• **EXERCISE GOAL**
Take the records below and set down exactly the lines from the one with "사가지역의 찹쌀 ‘히요쿠모치’를" to the one with "Fototapeta premium A", ends included; do not copy the pictures.

• **RECORDS PROVIDED**
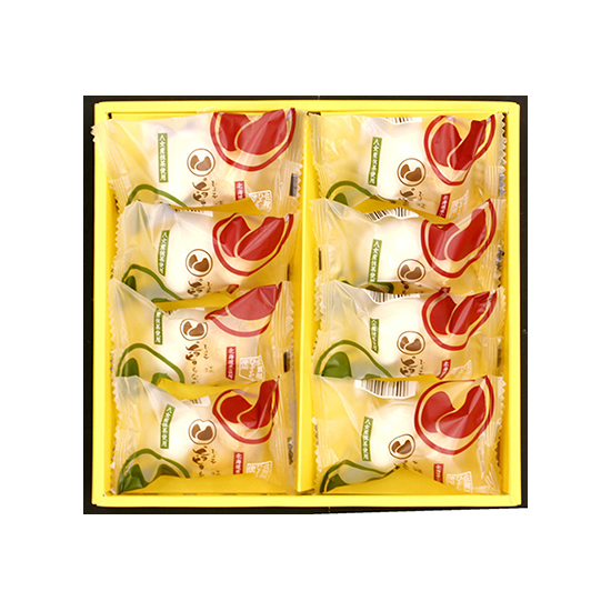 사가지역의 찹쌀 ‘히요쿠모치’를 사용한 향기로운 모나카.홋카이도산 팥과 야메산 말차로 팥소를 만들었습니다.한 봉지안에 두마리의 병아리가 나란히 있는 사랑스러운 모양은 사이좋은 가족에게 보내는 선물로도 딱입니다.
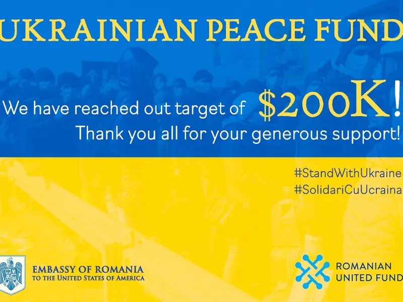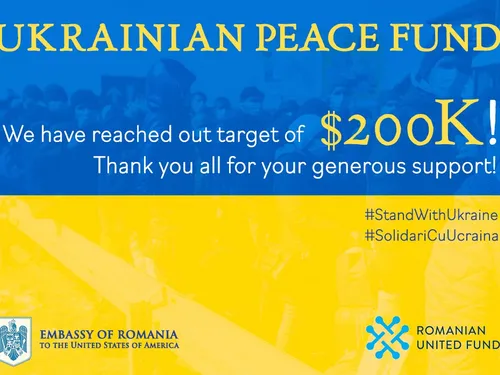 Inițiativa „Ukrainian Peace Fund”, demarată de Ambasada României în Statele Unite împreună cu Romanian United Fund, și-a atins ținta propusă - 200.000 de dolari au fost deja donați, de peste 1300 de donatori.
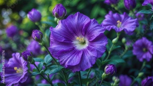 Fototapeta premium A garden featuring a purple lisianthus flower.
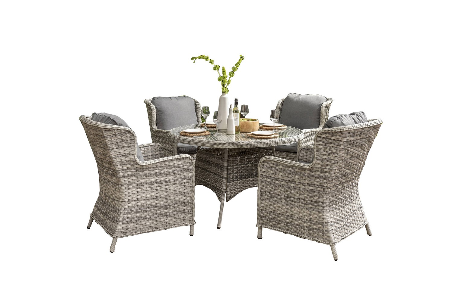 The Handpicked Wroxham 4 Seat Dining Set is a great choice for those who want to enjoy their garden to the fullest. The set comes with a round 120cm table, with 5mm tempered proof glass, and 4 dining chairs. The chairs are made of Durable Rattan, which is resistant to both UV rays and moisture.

...

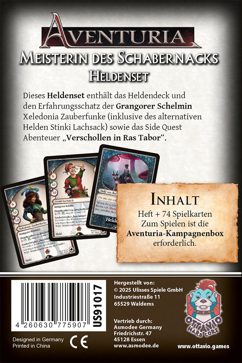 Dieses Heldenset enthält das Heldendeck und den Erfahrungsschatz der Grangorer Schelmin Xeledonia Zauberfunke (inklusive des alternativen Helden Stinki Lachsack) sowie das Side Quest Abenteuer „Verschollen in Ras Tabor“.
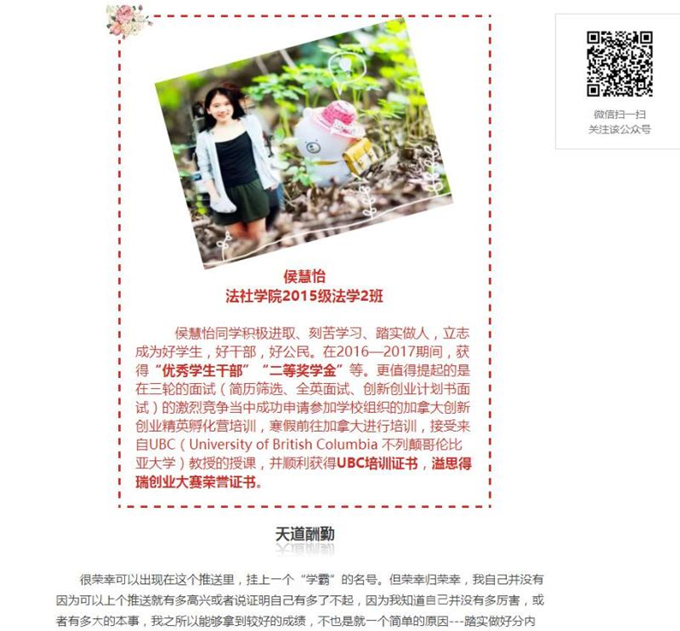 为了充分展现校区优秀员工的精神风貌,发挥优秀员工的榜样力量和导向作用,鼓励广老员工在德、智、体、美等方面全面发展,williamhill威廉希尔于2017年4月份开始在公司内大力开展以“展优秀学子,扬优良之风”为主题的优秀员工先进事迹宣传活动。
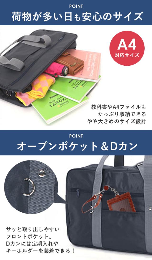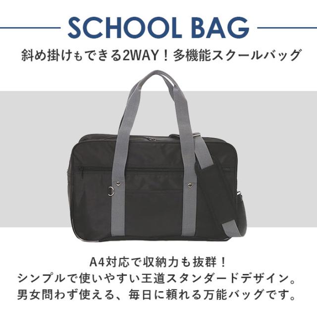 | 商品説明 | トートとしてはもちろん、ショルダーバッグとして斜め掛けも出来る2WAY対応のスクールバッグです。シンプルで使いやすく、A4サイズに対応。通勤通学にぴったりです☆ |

• **REPLY**
 사가지역의 찹쌀 ‘히요쿠모치’를 사용한 향기로운 모나카.홋카이도산 팥과 야메산 말차로 팥소를 만들었습니다.한 봉지안에 두마리의 병아리가 나란히 있는 사랑스러운 모양은 사이좋은 가족에게 보내는 선물로도 딱입니다.
 Inițiativa „Ukrainian Peace Fund”, demarată de Ambasada României în Statele Unite împreună cu Romanian United Fund, și-a atins ținta propusă - 200.000 de dolari au fost deja donați, de peste 1300 de donatori.
 Fototapeta premium A garden featuring a purple lisianthus flower.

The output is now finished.